Stored data entries:
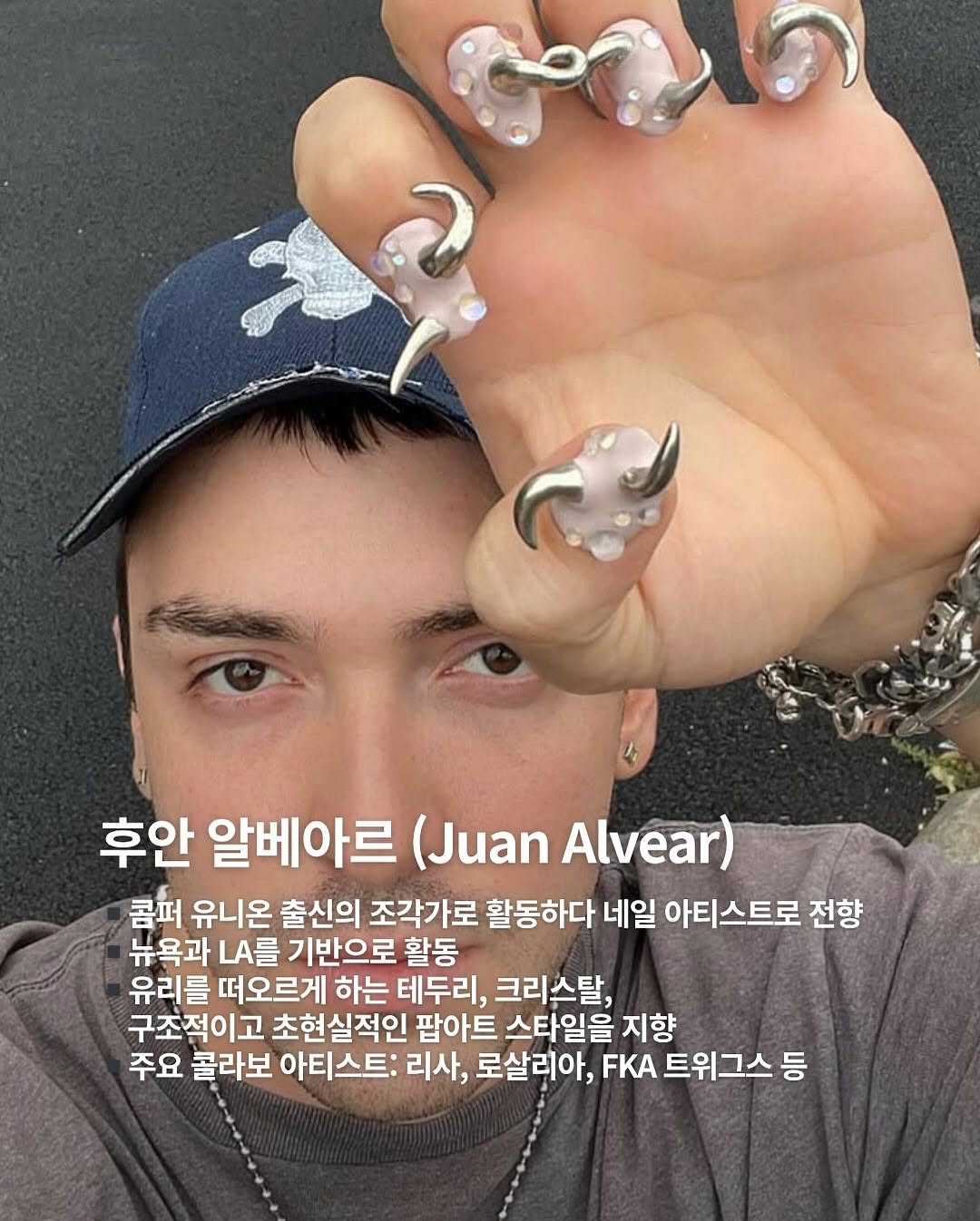 리사는 손 끝까지 힙하거든요 💎무대 위뿐 아니라 네일에서도자신만의 감각을 꾸준히 보여주는 리사😎그녀의 전담 네일 아티스트인 후안 알베아르의 특징은메탈릭한 질감과 구조적인 디테일!데일리 디자인부터 파격적인 디자인까지예술 작품이 떠오르는후안 알베아르의 네일을 모아보았습니다 🔍💅🏻후안 알베아르 (Juan Alvear)인스타그램 @byjuanalvear▪️뉴욕과 LA를 기반으로 활동하고 있음▪️쿠퍼 유니온 출신의 회화와 조각 전공 후 네일 아티스트로 전향▪️유리를 떠오르게 하는 테두리, 크리스탈, 구조적이고 초현실적인 팝아트 스타일을 지향▪️주요 콜라보 아티스트: 리사, 로살리아, FKA 트위그스 등#리사네일 #Lisanail#후안알베아르 #JuanAlvear📷 이미지 출처 리사(@lalalalisa_m), Juan Alvear(@byjuanalvear)
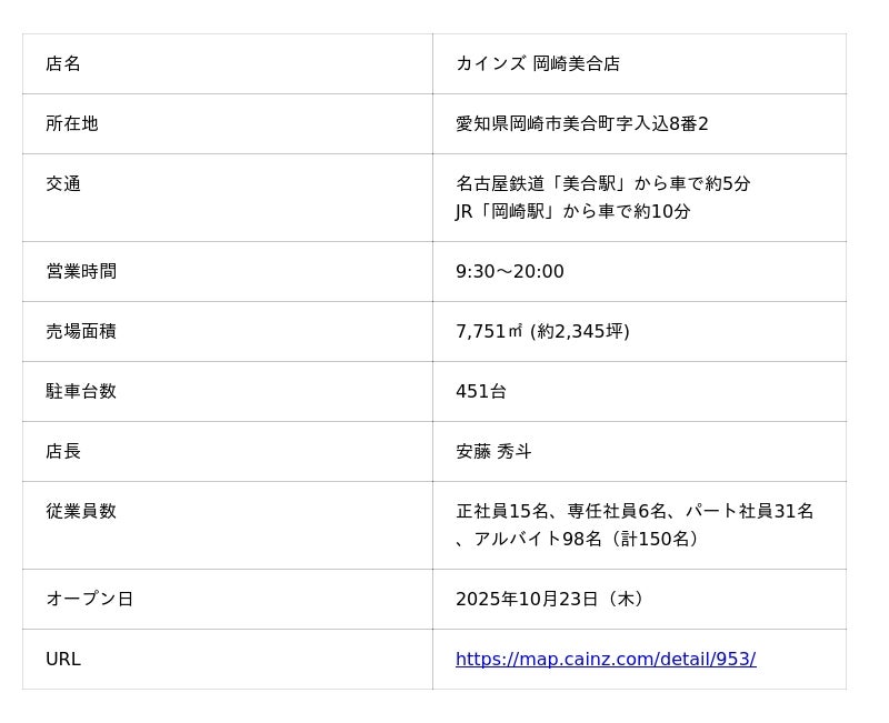 株式会社カインズ(本部:埼玉県本庄市、代表取締役社長 CEO:高家 正行)は、カインズ 岡崎美合店が2025年10月23日(木)に、愛知県岡崎市にグランドオープンすることをお知らせします。
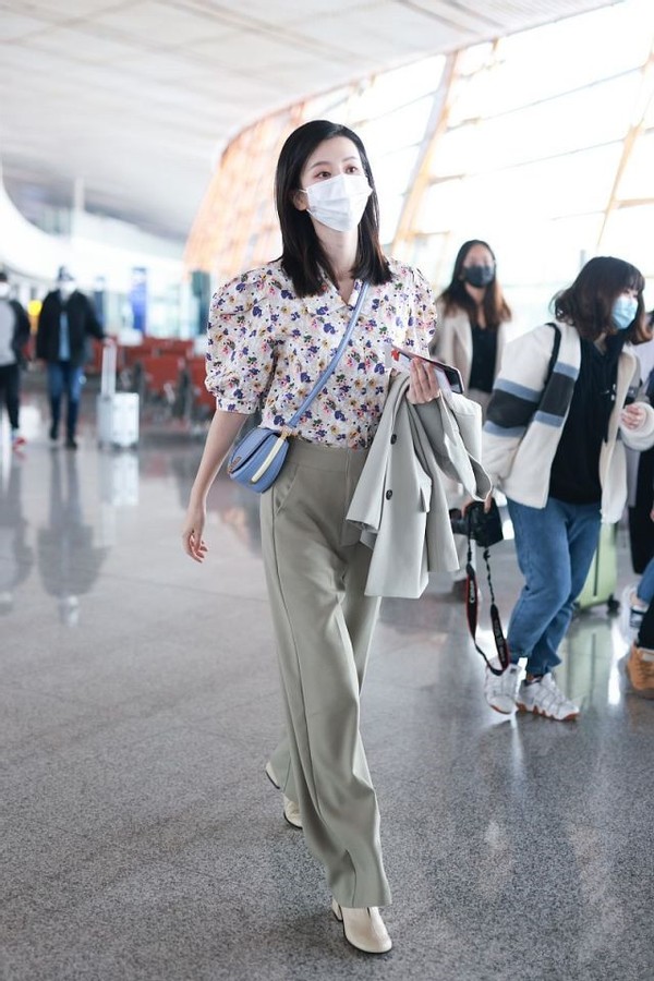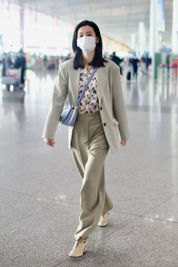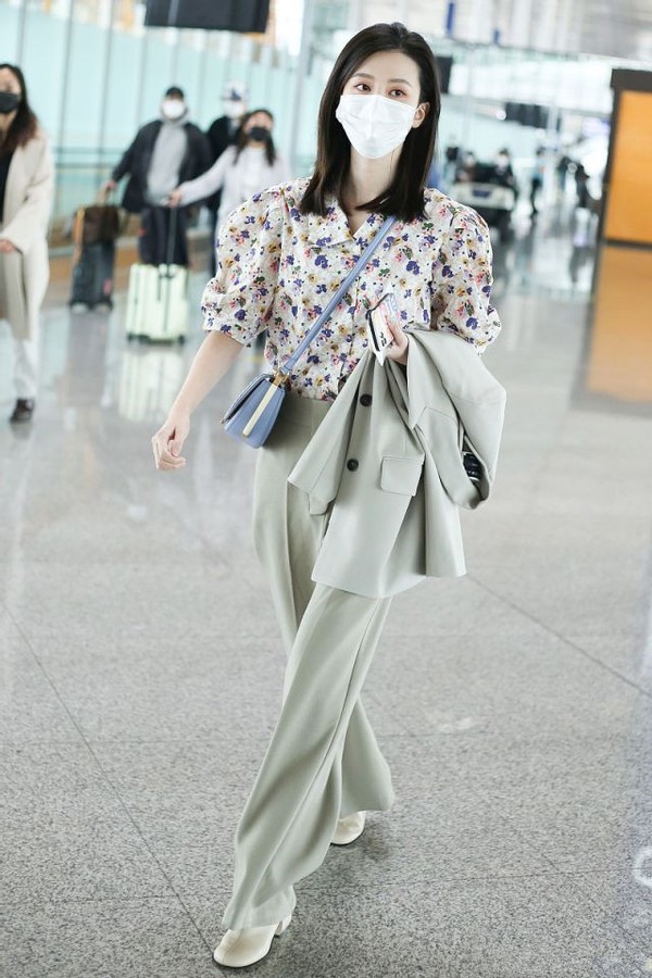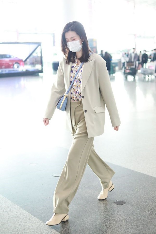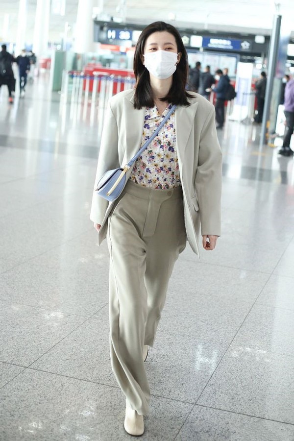 在穿搭碎花单品时,如果不想要给人留下过于腻味的印象,推荐搭配偏率性的中性风单品以调和碎花给人的甜腻感。乔欣的造型就很好的诠释了平衡的风格,西服套装垫肩的设计+宽松的版型,为整体增添了一丝个性感,又给人带来了慵懒随性的感觉,很好的中和了碎花的甜腻。
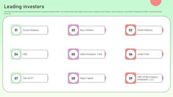 The following slide outlines prominent investment companies invested in Ethic. The slide provides information about Access Ventures, Nyca Partners, Sound Ventures, Union Bank of Switzerland UBS, Urban Investment Fund, etc. Are you in need of a template that can accommodate all of your creative concepts This one is crafted professionally and can be altered to fit any style. Use it with Google Slides or PowerPoint. Include striking photographs, symbols, depictions, and other visuals. Fill, move around, or remove text boxes as desired. Test out color palettes and font mixtures. Edit and save your work, or work with colleagues. Download Leading Investors Value Based Investor Financing Pitch Deck Guidelines Pdf and observe how to make your presentation outstanding. Give an impeccable presentation to your group and make your presentation unforgettable. The following slide outlines prominent investment companies invested in Ethic. The slide provides information about Access Ventures, Nyca Partners, Sound Ventures, Union Bank of Switzerland UBS, Urban Investment Fund, etc.
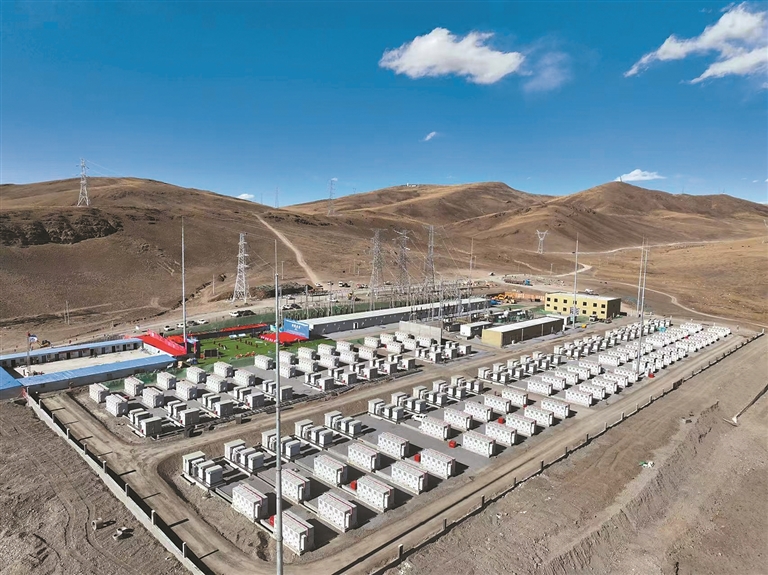 西藏開投色尼區(qū)達嘎普100兆瓦/400兆瓦時獨立構(gòu)網(wǎng)型儲能項目(資料圖片)。圖片由那曲市能源局提供
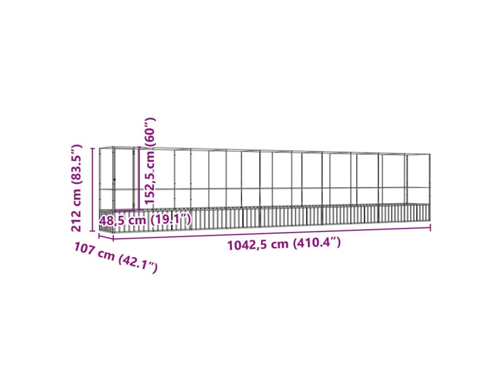 Multidom Voliéra s nadstavcom strieborná 1042,5x107x212 cm oceľ
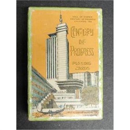 THIS IS LOVELY DECK OF CARDS, ISSUED TO MARK THE 1933 CENTURY OF PROGRESS HALL OF SCIENCE CHICAGO WORLDS FAIR, BEAUTIFUL HIGH QUALITY GRAPHICS PLAYING CARDS, SEEM TO BE IN EXCELLENT USED CONDITION, as per images - the set comes in excellent condition,US Buyer to pay 7.00 for shipping plus insurance.THANKS.
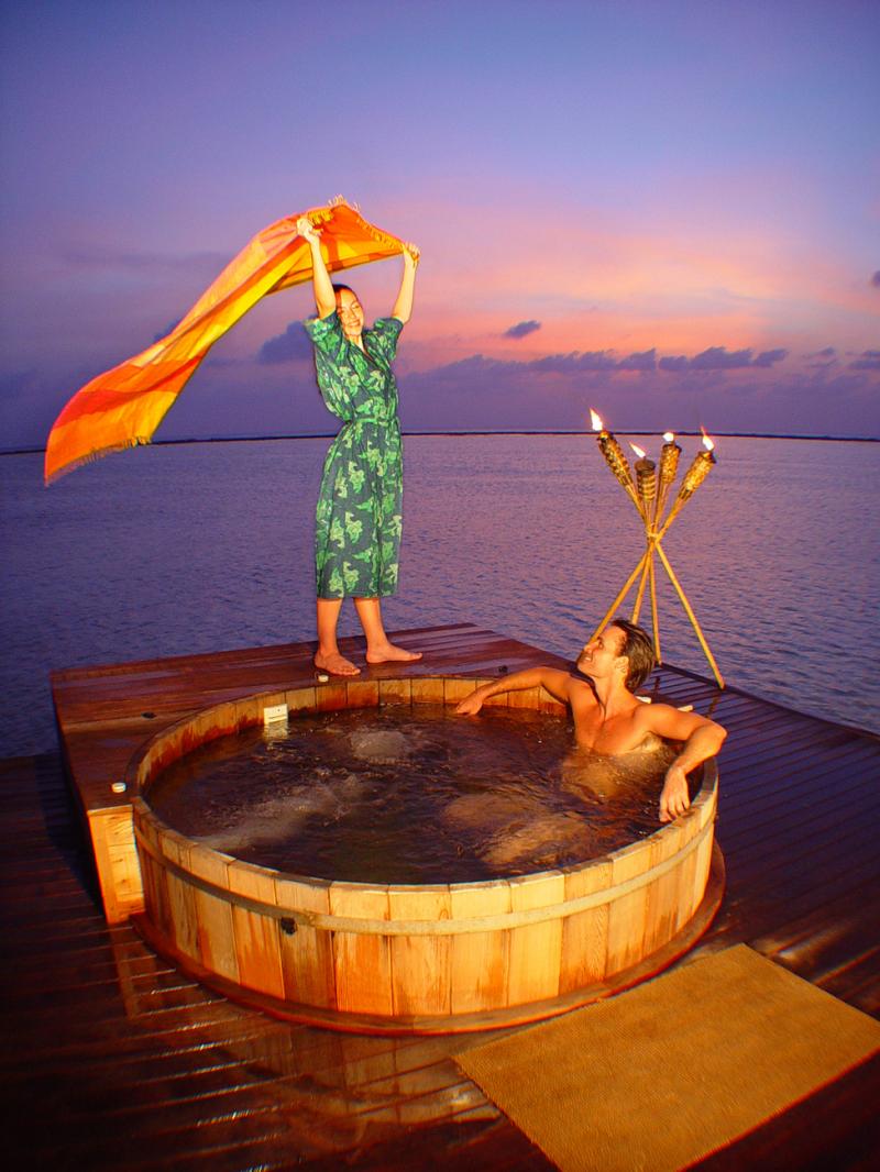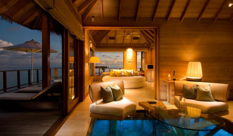 Sunset Water Villa: (250 кв.м) — расположена на сваях над водой в уединенном уголке лагуны, состоит из 2 спален, гостиной со стеклянным полом, чтобы можно было наблюдать подводный мир, ванной комнаты, террасы с открытой джакузи, зоной отдыха и спуском в воду. Через огромные панорамные окна можно наблюдать закат солнца с кровати, которая вращается на 180 градусов. Также в номере есть домашний кинотеатр, 2 больших телевизора с плоским экраном. Максимальное размещение - 6 человек.
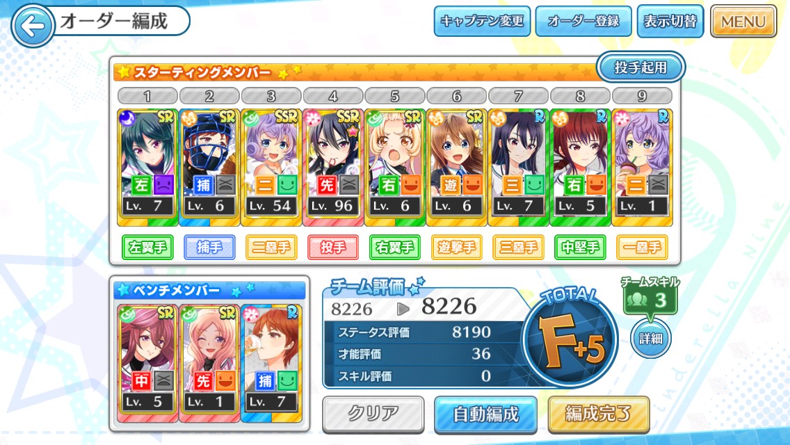 選手を育成して、チームメンバーとして編成することで、監督のオーダー力を示す「チーム評価」が上昇します。

Problem description: For this exercise, return exactly the lines above from the line with "西藏開投色尼區(qū)達嘎普" through the line with "Multidom Voliéra s", both included. Do not copy the pictures.

Solved problem:
 西藏開投色尼區(qū)達嘎普100兆瓦/400兆瓦時獨立構(gòu)網(wǎng)型儲能項目(資料圖片)。圖片由那曲市能源局提供
 Multidom Voliéra s nadstavcom strieborná 1042,5x107x212 cm oceľ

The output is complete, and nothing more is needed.